Sources say he is in regular contact with his church elders and reads the bible every day.
O’Reilly is now known as a “publisher”– a member who spreads the word of the church, among some 6,000 devotees in Ireland.
He also became involved in the Samaritans listener programme and completed several courses behind bars.
Nikki Pelley has visited O’Reilly in prison
O’Reilly, who turned 50 this year, had been having an affair with Nikki Pelley at the time of Rachel’s murder and she has continued to visit him in prison.
Despite their on-off relationship she visited him in Wheatfield last April and in 2017 she went to Arbour Hill on his tenth anniversary behind bars.
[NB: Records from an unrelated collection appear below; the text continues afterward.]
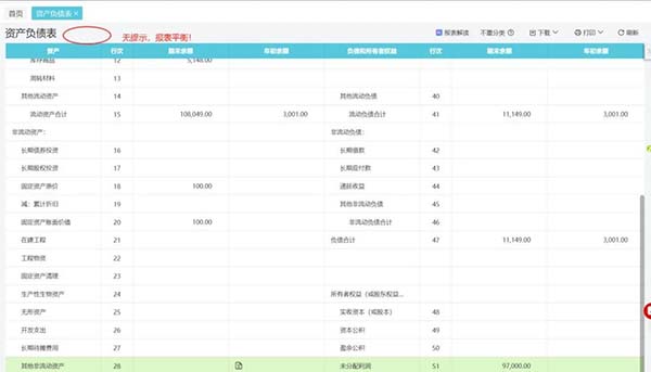 快速调整报表: 提供多种不平衡提示及解决方法,从期初资产不匹配到损益科目期初余额问题,一键解决。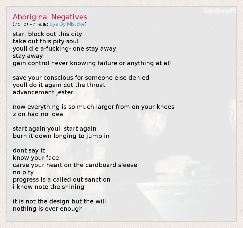 А как ты думаешь, о чем песня "Aboriginal Negatives" ?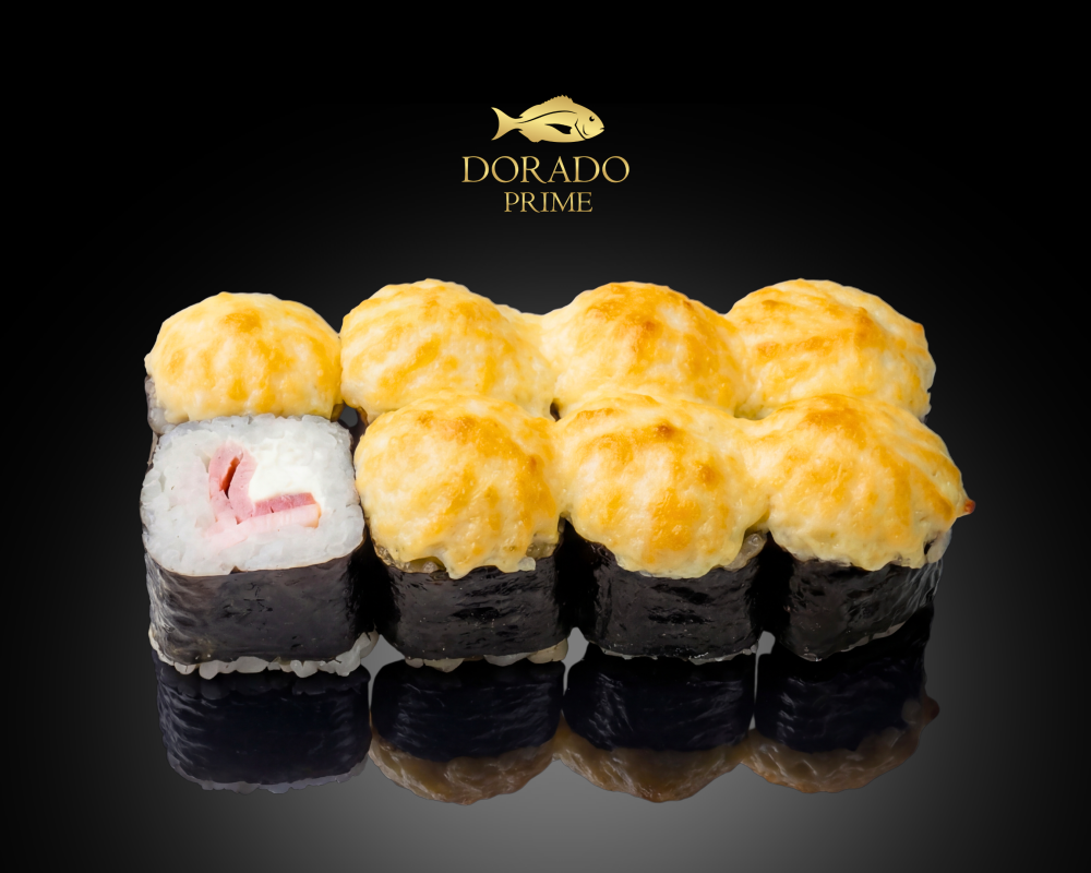 Нежный запеченный ролл с аппетитной сырной шапочкой и яркой начинкой из бекона и креметты.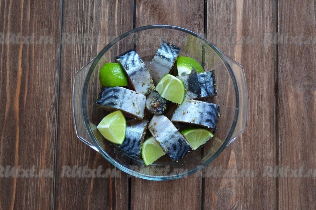 В форму для микроволновки вливаем масло - для того, чтобы не прилипла шкурка рыбы. Одной столовой ложечки хватит, далее рыбка даст свой жирок. Лайм (или лимон небольшого размера) нарезаем на 8 частей и выкладываем между кусочками скумбрии. Отправляем в микроволновку.
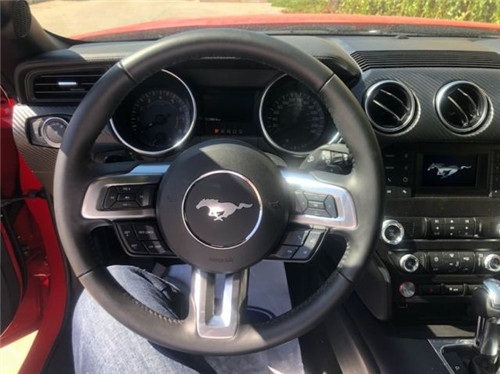 福特野马2.3T敞篷跑车全新三辐式多功能运 动方向盘,布局设计让驾驶者感觉如同置身于飞机驾驶舱一般。福特野马2.3T不仅仅是舒适。福特野马2.3T软质仪表台不会粗糙的手感,真皮方向盘、真皮 座椅都可以用细腻来形容。福特野马2.3T中控台上每一个按键,每一个旋钮都值得一赞,没有哪个会有生涩感,能颠覆你对美国车的印象。(更多优惠详情文章底部电话及微信咨询)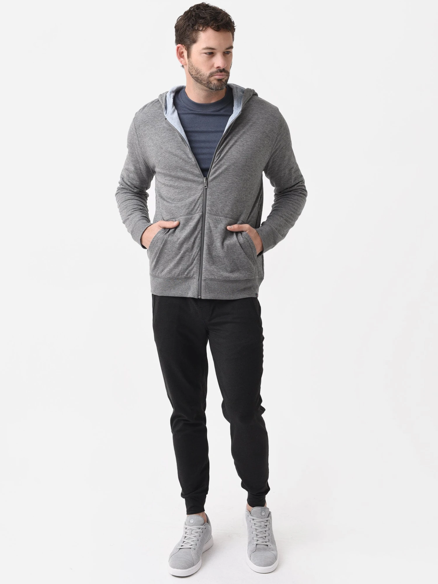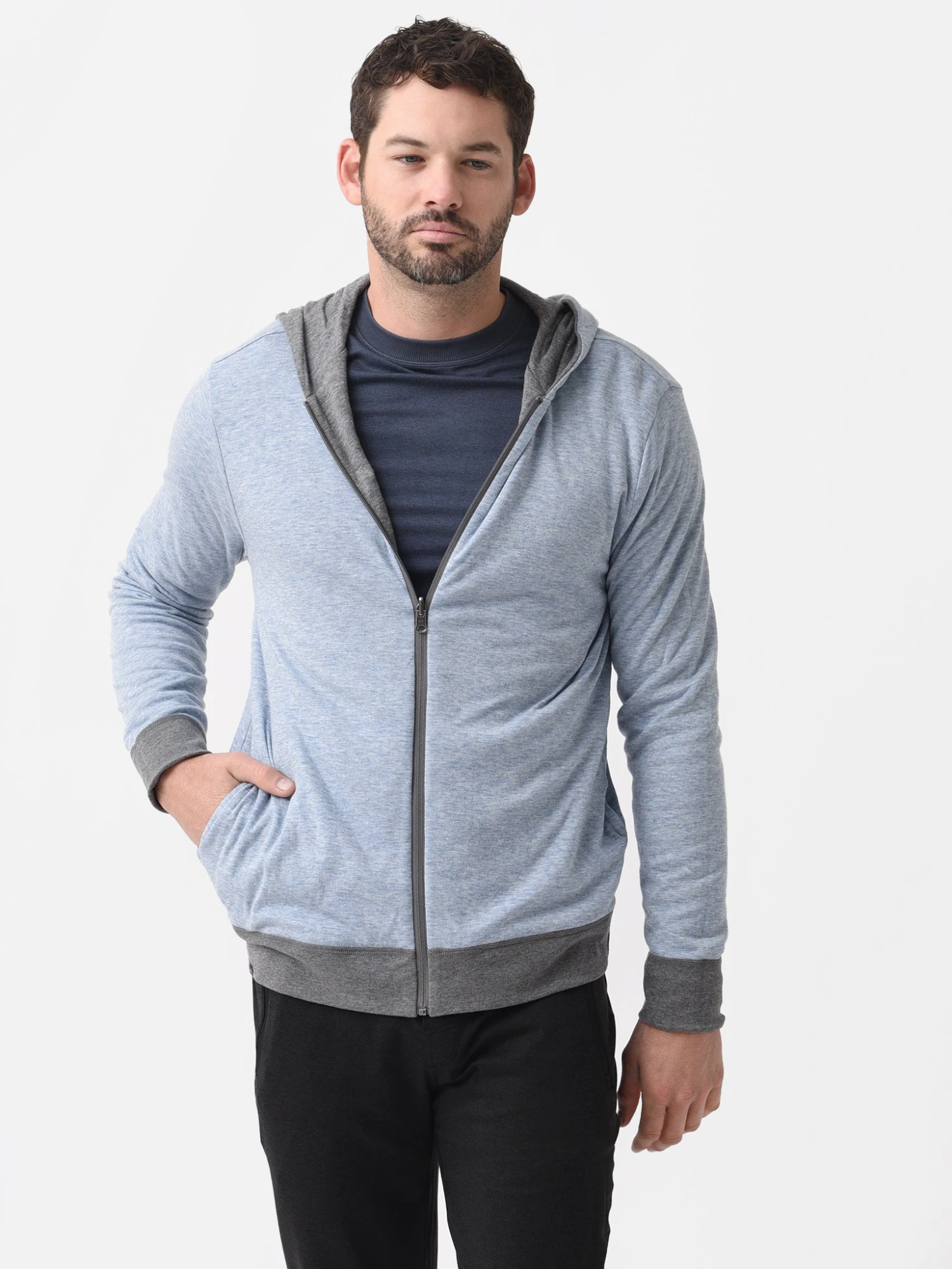 FEATURES:HoodieHigh NecklineLong SleeveKangaroo PocketsFull Zip ClosureSoft FabricationFully ReversibleBanded Cuffs and HemClassic Fit60% Pima Cotton, 40% ModalModel is wearing size Medium hoodie.Model’s Measurements: Height: 6’1.5″ | Waist: 31″ | Inseam: 32″ | Collar: 16″ | Sleeve: 32″ | Suit: 40L

He had been transferred there from the Midlands Prison in 2013.
During his time behind bars O’Reilly has exhausted every avenue of appeal against the jury’s guilty verdict in 2007 with the Supreme Court turning down permission for another appeal in 2016.
He had previously claimed he was a victim of a miscarriage of justice, but the Court of Appeal threw out the case.
He has also made numerous applications for temporary release and escorted visits to see family members, which so far have been turned down.
The Sunday World previously reported how O’Reilly had submitted an application for temporary release last Christmas, but was turned down.
If approved, it would have seen him enjoying up to three days of freedom which he said he hoped to spend in the company of his two sons.
Rachel’s mum Rose and O’Reilly on the Late Late Show after her murder
Rachel’s dad Jim Callaly told the Sunday World last December he believes the Irish Prison Service made the right decision in denying O’Reilly’s efforts to get out.
“He never admitted to killing Rachel so there has been no remorse,” he said.
“And I think that is one of the criteria that has to be considered in an application like this.
“I don’t think he should ever be let out of prison. He’s a dangerous psychopath.
“He gets his kicks out of seeing people suffering.”